Sunday, October 11, 2009

Ideaaaaa

I had a pretty good idea to write but I forgot it. It's a really crappy feeling too, losing something that you thought was pretty solid in my head. I'm trying to retrace my steps to see if I can catch it again. As soon as I trace it I'm pinning it down. I was at work. I was eating breakfast, which consisted of ovaltine and pop-tarts. Then I... was eating this crappy candy from my childhood. Hey! That's what it was! I was going to write about how things from my childhood don't enthrall me as much anymore.

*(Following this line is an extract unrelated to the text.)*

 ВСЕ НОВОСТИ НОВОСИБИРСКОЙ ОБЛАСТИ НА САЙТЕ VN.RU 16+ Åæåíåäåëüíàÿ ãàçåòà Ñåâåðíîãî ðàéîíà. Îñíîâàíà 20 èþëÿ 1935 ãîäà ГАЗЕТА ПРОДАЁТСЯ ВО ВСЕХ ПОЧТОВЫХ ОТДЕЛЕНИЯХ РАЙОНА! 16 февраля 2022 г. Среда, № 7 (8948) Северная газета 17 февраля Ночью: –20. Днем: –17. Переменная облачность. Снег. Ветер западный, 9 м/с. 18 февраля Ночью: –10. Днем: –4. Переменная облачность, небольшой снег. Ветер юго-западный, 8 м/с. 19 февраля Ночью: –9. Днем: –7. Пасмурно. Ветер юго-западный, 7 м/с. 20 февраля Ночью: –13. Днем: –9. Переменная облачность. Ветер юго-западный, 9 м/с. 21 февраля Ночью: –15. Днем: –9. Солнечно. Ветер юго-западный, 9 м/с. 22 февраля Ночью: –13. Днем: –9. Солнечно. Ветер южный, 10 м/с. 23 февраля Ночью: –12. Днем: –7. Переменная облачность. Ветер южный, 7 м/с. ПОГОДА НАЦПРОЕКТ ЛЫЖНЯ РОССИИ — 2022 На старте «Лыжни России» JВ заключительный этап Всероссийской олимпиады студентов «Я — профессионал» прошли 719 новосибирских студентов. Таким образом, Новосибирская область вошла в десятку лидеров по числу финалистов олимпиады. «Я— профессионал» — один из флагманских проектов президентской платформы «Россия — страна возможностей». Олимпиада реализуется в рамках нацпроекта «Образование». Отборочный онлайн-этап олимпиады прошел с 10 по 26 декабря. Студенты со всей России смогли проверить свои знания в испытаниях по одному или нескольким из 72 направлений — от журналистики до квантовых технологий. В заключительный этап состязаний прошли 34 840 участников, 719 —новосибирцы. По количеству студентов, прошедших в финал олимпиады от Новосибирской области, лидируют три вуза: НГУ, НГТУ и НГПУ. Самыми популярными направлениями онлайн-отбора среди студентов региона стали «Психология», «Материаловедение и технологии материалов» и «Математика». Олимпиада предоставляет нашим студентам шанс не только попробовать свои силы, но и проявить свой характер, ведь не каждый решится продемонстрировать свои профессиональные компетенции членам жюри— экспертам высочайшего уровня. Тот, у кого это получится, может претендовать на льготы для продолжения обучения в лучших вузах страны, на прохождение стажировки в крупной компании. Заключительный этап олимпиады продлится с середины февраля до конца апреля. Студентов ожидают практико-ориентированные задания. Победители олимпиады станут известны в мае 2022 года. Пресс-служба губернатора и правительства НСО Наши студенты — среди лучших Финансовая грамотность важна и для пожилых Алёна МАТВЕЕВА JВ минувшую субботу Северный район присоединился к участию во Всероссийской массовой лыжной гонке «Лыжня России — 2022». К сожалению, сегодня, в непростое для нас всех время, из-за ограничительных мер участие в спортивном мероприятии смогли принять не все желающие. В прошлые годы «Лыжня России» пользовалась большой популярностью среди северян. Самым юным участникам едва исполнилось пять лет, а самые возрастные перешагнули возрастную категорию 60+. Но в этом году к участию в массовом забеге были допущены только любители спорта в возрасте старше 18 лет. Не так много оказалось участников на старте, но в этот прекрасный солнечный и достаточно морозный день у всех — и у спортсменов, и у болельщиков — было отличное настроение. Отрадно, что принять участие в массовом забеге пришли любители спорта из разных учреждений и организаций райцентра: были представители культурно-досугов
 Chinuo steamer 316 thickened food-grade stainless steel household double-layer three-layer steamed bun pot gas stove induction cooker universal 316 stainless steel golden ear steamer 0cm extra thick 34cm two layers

Well, now that I have THIS, I might as well save that concept for another day. It's not technically cheating, I think...

*ahem*

I hate it when I lose ideas. Sometimes I'll see a certain person on-campus, and I'll think "hey, they'd make a nice story." Or I'll be daydreaming and stumble on something interesting. I find random tidbits in books that could be used for conversation pieces, and I discover deep, philosophical quotes I can base a post on. And just like that they're gone, lost in the inability to retain most anything within my short-term memory. Not to say, however, that I always forget great, or even good ideas. I forget about things that suddenly sprout up in the back of my mind that I'm glad I didn't do (tribal tattoo, eighteenth birthday for one). I remember how at one point I wanted to own a snuggie (I refuse to buy one now because they made these "designer" prints, which are basically leopard-spotted, meaning that they have more or less affirmed that their audience are tacky moms who wear stiletto heels to the grocery store. DAMN YOU PRODUCT MARKETING!). I also groan at how I tried to be emo or indie or whatever in high school, wishing that idea had left my head at the time (More on that later. Actually no, never). But, no matter how I try to see the silver lining, an idea lost is an idea wasted, regardless if it's good or not.

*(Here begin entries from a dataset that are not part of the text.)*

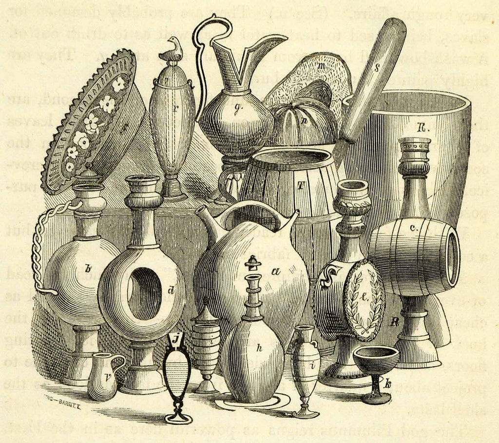 1856 Wood Engraving Talhas Moringues Clay Pot Pitcher Water Containers XGK9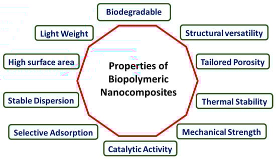 Nanomaterials are practical and efficient solutions to get through major roadblocks in creating effective remedial technologies for wastewater treatment [24]. The large surface-to-volume ratio and numerous reactive sites of nanomaterials make them highly reactive toward quick and efficient removal of water pollutants [25]. Nanostructured adsorbents can be specifically designed to target pollutants and possess a substantial capability for addressing contaminated water [26,27]. There is also growing research focusing on the synthesis of biodegradable polymers for wastewater remediation. Natural polymers called biopolymers are either produced from sustainable natural resources or biosynthesized by living organisms [28]. Biopolymers are mostly composed of polysaccharides, and polypeptides. Biopolymers can be divided into three categories: nature-derived, chemically produced, and microbial biopolymers [28,29]. Renewability, biocompatibility, environmental compatibility, biodegradability, and antimicrobial activity are only a few of the impressive interrelated biological, physical, and chemical characteristics of biopolymers [29,30]. Reactive functional groups such as carbonyl, amide, carboxyl, and hydroxyl are present in the skeleton of biopolymers, which make them suitable for wastewater treatment [31]. However, the cost inefficiency of the synthesis and purification procedures is a significant problem that has been noticed throughout the scaling up of biopolymers [32]. Recently, there has been a surge in the scientific significance of biopolymer nanocomposites owing to their versatile applications in addressing environmental issues and remediation challenges [33]. Biopolymeric nanocomposites have been used to remove heavy metals, natural organic matter, dyes, antibiotics, and other water pollutants such as coagulants, adsorbents, flocculants, membranes, and photocatalytic agents [11,34]. Biopolymeric nanocomposites have enhanced physiochemical, thermophysical, and mechanical properties compared to nanomaterials and polymers [35]. Inorganic nanofillers such as metal and metal oxide nanoparticles, nanoclays, and carbon nanomaterials can be included in a biopolymer matrix to produce biopolymeric nanocomposites [36,37,38].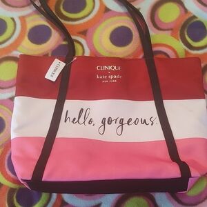 NWT This vibrant Clinique by Kate Spade tote bag showcases a striking color-block design in pink and red, perfect for cosmetics and personal items on travel. Its spacious interior is great for thrifting and shopping at the market! A small dirt spot on one corner (last pic) which will wash out. 15" across top, 12" down, 12" bottom across, 4" bottom width.
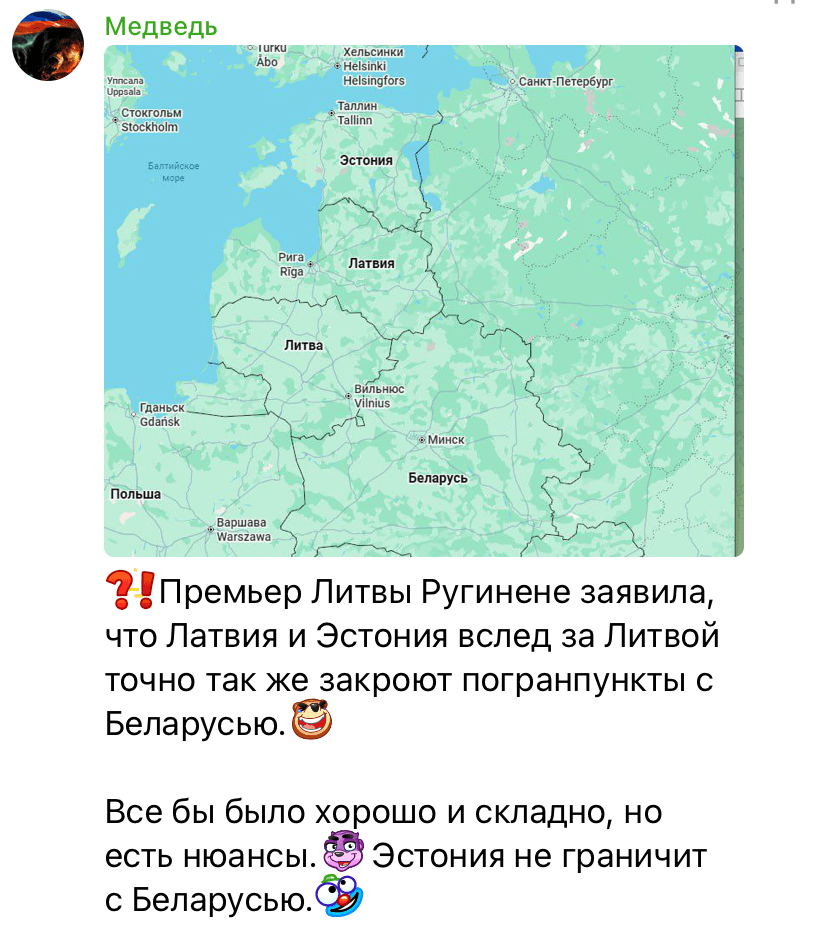 Отже, прем’єрка не стверджувала, що Латвія та Естонія збираються закрити кордон з Білоруссю. Вона лише запевнила, що розраховує на підтримку цих країн у прикордонній суперечці. Російські пропагандисти домислили те, чого Ругінене не казала, щоб висміяти її нібито через незнання географії.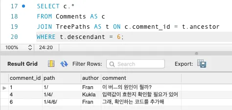 JOIN TreePaths AS t ON c.comment_id = t.descendant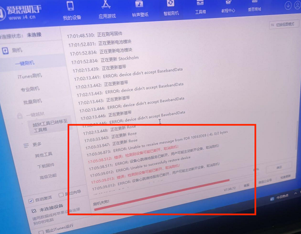 After getting the machine, continue to brush the machine for testing, and see what the error code is. The result is still that when the machine is brushed to 80%, the error is reported. When the error is reported, the progress bar fails when it goes to the baseband, indicating that there is something wrong with the baseband, and the machine has not fallen or flooded. We first suspect that it is caused by virtual welding in the middle layer, so we delaminate the motherboard, re-attach it and brush the machine for testing.
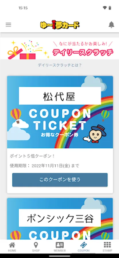 Accumulated points can be used for shopping, and can be used for exciting events such as exchanging for advantageous bathing coupons. The discount coupons issued by each store are also very popular.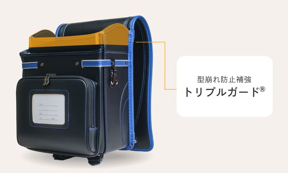 型崩れ防止補強として、芯材自体を三方向に縫い合わせて補強した「トリプルガード®」を採用しています。型崩れ防止補強として、大マチの上部に丈夫な補強材を使用した「しっかりくん®」を採用。内部に特殊な樹脂でできたプレートを芯材として採用し、しなやかさと強度を両立しています。目に見えない場所だからこそのこだわりです。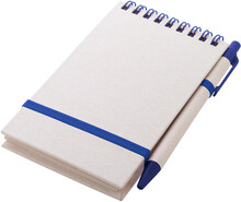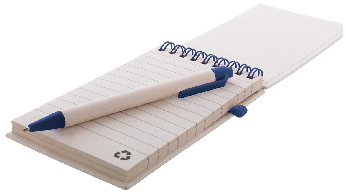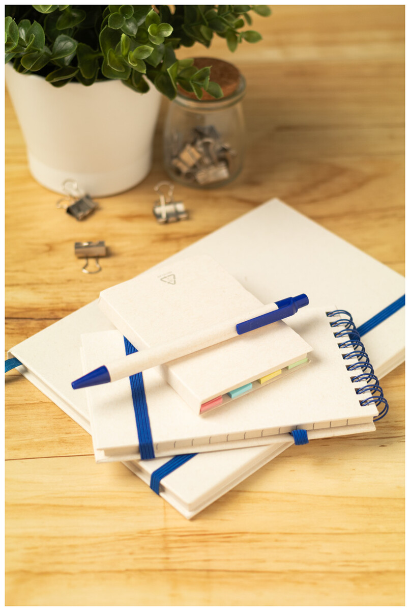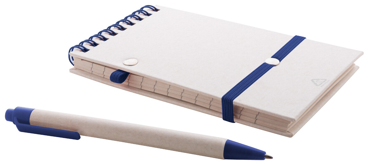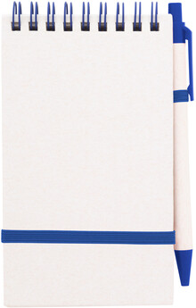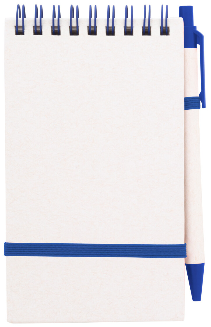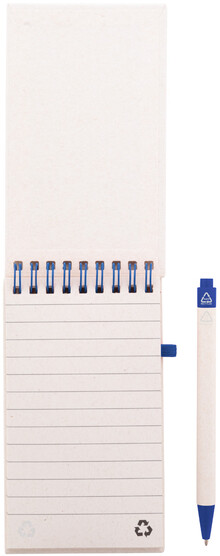 Spirálový blok A6 s deskami z recyklovaného z kartonu na mléko s pevnou vazbou a 70 linkovanými listy. Se spirálovými kroužky ve stejné barvě, gumičkou a poutkem na pero. Včetně recyklovaného kartonového papíru na mléko a recyklovaného ABS plastového kuličkového pera s modrou náplní.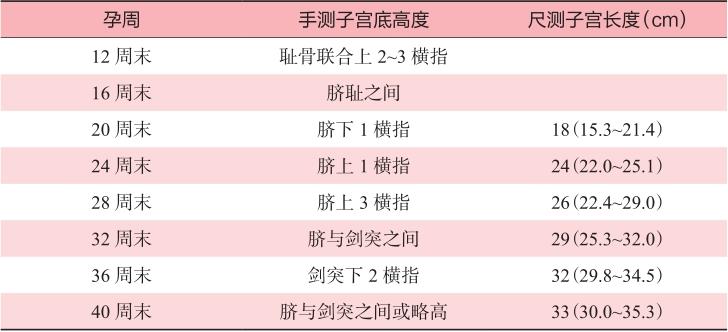表2-3-2 不同孕周的子宫底高度及子宫长度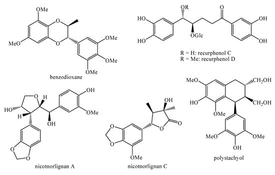 Moreover, nicotnorlignan C, recurphenol C, recurphenol D, benzodioxane (Figure 19) and sequirin C (Figure 7) and possess moderate activity against the anti-tobacco mosaic virus with inhibition rates equal to 14.7%, 22.5%, 23.4%, 21.4% and 17.6% respectively []. Nicotnorlignan A (Figure 19) also shows similar effects [].

David Sedaris is one of my favorite memoir writers. He notes that he keeps a little notebook around with him, jots down notes, and elaborates on them later. I actually tried this for a day. I was really nervous about looking pretentious, busting out some random notepad and just writing in the middle of nowhere, so whenever a thought or observation struck me, I would run off to a secluded corner and write it down. Eventually, I would start annotating anything interesting, and every couple minutes I would run off to some shady corner, then reenter society, looking over my shoulders, writing in a notebook furtively. If anyone was watching me, they'd probably think that I was engaging in multiple drug deals. It got so bad that I pretty much only use that little notebook to compose my grocery list now.

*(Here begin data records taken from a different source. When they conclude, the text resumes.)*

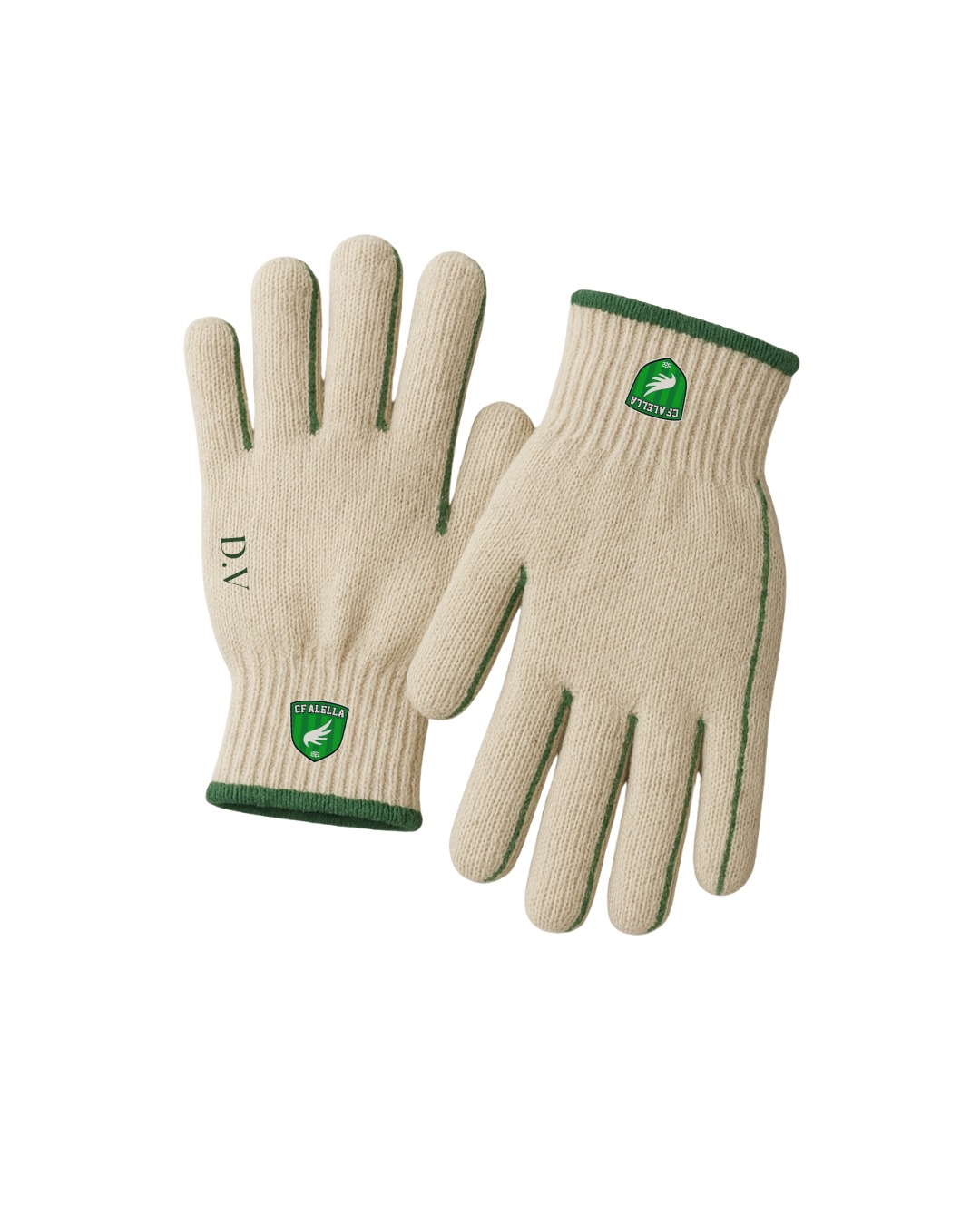 Guants tèxtils de color clar amb el distintiu del CF Alella, perfectes per entrenar o animar l’equip en dies freds.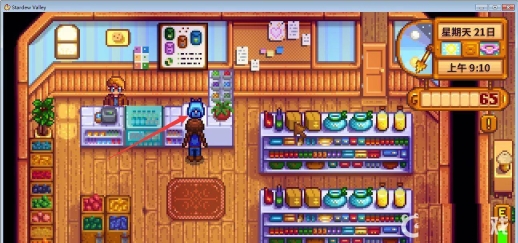 1、进入Stardew Valley游戏中,找到皮埃尔的杂货店,打开房门走进去。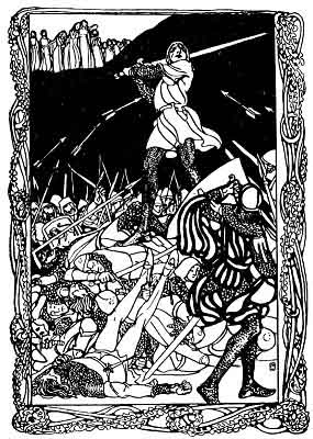 At first the men of the Vale rushed carelessly upon the men of Ardudwy, thinking that it was but a light task to overpower the little band, but so many of them fell that they drew off to order their attack better. They carefully marshalled the bravest of their number and charged; a desperate hand-to-hand struggle followed, but the men of Ardudwy, though they lost many good men, at last beat off the assault. They now feigned flight, but as the men of the Vale came on with wild cries and uproar, they wheeled round and cut down so many of them that they fled in disorder. They soon rallied, however, and delivered charge after charge. Time after time the men of Ardudwy flung them back, but they became fewer and fewer with each charge.

If I find something I HAVE to write about, I think about it constantly. I try to sear it into my brain, hide the idea in the wrinkles of my lobe to pluck out later. But if I go with this method, it consumes my conscious. The concept will strike me at inopportune times: during classes and conversations, it's all white noise as my thoughts begin to blossom. I'll find myself unable to sleep, and then wake up to only be thinking again about the same thing. I'll have to write it, and then find myself unsatisfied because it doesn't match the words in my mind, and then keep writing over and over and over, knowing that there's just too much of a boundary between the words I write and the mental images within my head. I need to accept that these are two separate realities, and no matter how much I want the thing in my head to exist on the page, it can never be. The best I can have is a doppelganger, a somewhat accurate facsimile. It's PRACTICALLY the same, but there's just this one unspeakable quality that prevents it from being one and the same.

Lately I've just been kind of freestylin' on it. I read this novella, "Ron Carlson Writes A Story." It's about how the director of the UCI creative writing program goes about writing a story. I always figured, it was through detailed planning, meticulous editing and constant revising that a story finds it's way into existence but it's NOT. So Carlson thinks that he wants to write a story about a mattress that falls out of a truck. Great. Except he kind of word-vomits everything else. Characters, places, scenarios, all of it just comes out of his head and onto the paper haphazardly, but the thing is that it all WORKS, and that's because he's not just throwing crap together. He creates a character, and then lets them live their own lives. I've found that in my spontanaetiy I made some pretty good stuff (this blog, for example). So I think I'm going to use this approach a lot more.

The creative process is something that still befuddles me. Is there a certain approach to create certain things, or are our brains just wired to do something a certain way? I still don't really know what works for me. I plan intensely on papers only to realize I had TOO much; I write papers in mere hours and realize just how much another hour or two could have helped if I had only planned ahead. I guess I need to strike a fine balance, but in the meantime I guess writing casually is the best thing for me. No mental thoughts of a guilliotine above my head to keep my head down and write. If anything, casuality justifies my habit of putting things off until the very last minute, and I do indeed like that.